Engelbart also worked at the Ames Laboratory, and the precursor to NASA, the National Advisory Committee for Aeronautics. He obtained a doctorate in electrical engineering from Berkeley in 1955.

He took a job at SRI in 1957, and by the early-1960s Engelbart led a team that began to seriously investigate tools for interactive computing.

After coming back from a computer graphics conference in 1961, Engelbart sketched a design of what would become the mouse and tasked Bill English, an engineering colleague, to carve a prototype out of wood. Engelbart’s team considered other designs, including a device that would be affixed to the underside of a table and controlled by the knee, but the desktop mouse won out.

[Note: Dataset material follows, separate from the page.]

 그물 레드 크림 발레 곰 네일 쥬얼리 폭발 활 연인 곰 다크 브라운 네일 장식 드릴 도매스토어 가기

SRI would later license the technology for $40,000 to Apple, which released its first commercial mouse with the Lisa computer in 1983. By the late 1970s, Engelbart’s research group was acquired by a company called Tymshare. In the final decades of his career, Engelbart struggled to secure funding for his work, much less return to the same heights of influence.

“I don’t think he was at peace with himself, partly because many, many things that he forecast all came to pass, but many of the things that he saw in his vision still hadn’t,” said Kapor, who helped fund Engelbart’s work in the 1990s. “He was frustrated by his inability to move the field forward.”

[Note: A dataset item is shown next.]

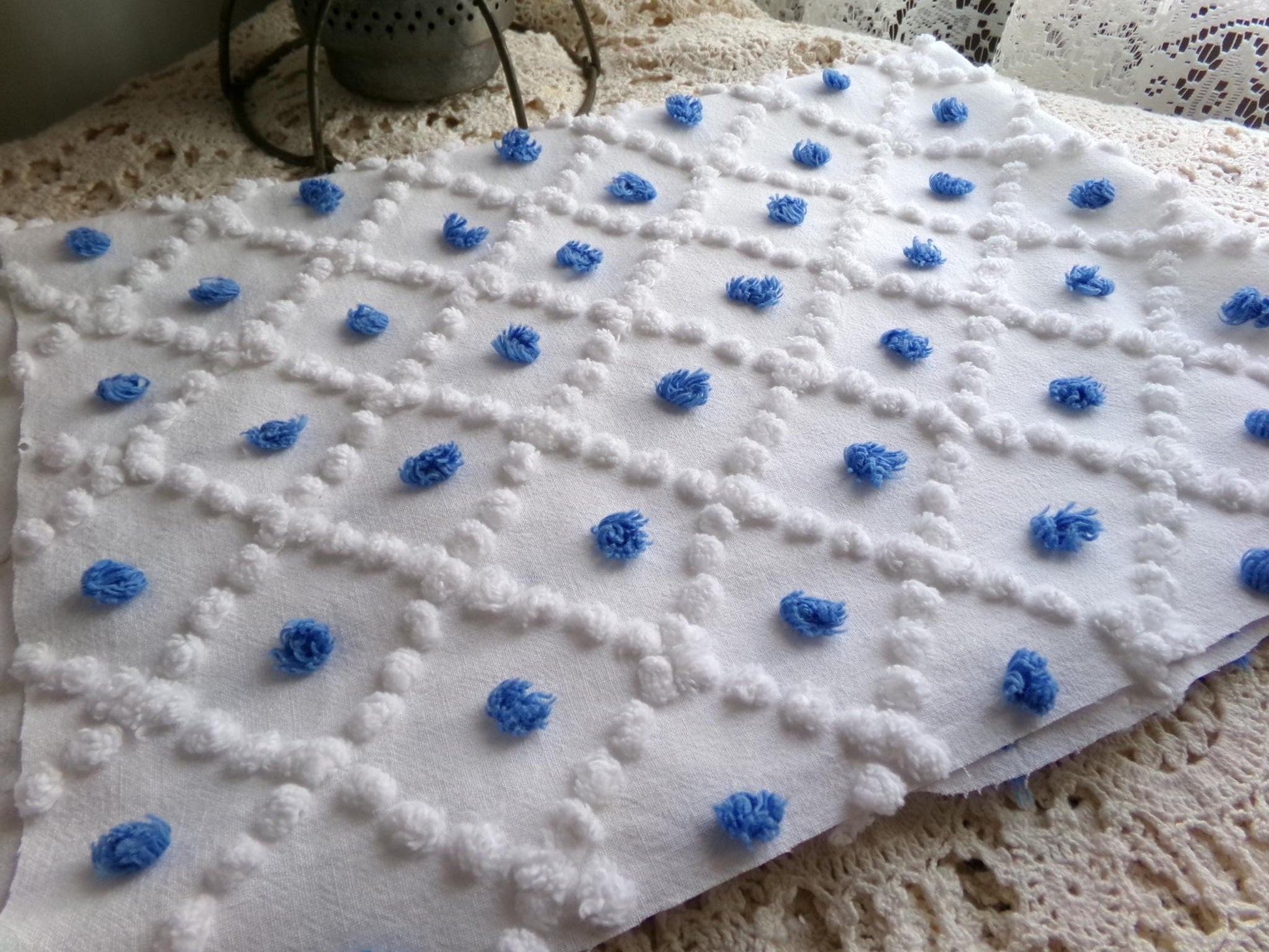 Adorable blueberry pops are situated in squares shaped by little white snowdrop popcorns on this piece of vintage chenille fabric. Just so cute. Photos taken in high natural sunlight.Measures approx 18" x 26" inches. Very lightweight 100% antique cotton, handtufted material. May have a few light pinholes. A versatile fabric that adapts well in vintage to modern design concepts.

In 1986, Engelbart told interviewers from Stanford that his mind had always roamed in a way that set him apart or even alienated him. “Growing up without a father, through the teenage years and such, I was always sort of different,” Engelbart said. “Other people knew what they were doing, and had good guidance, and had enough money to do it. I was getting by, and trying. I never expected, ever, to be the same as anyone else.”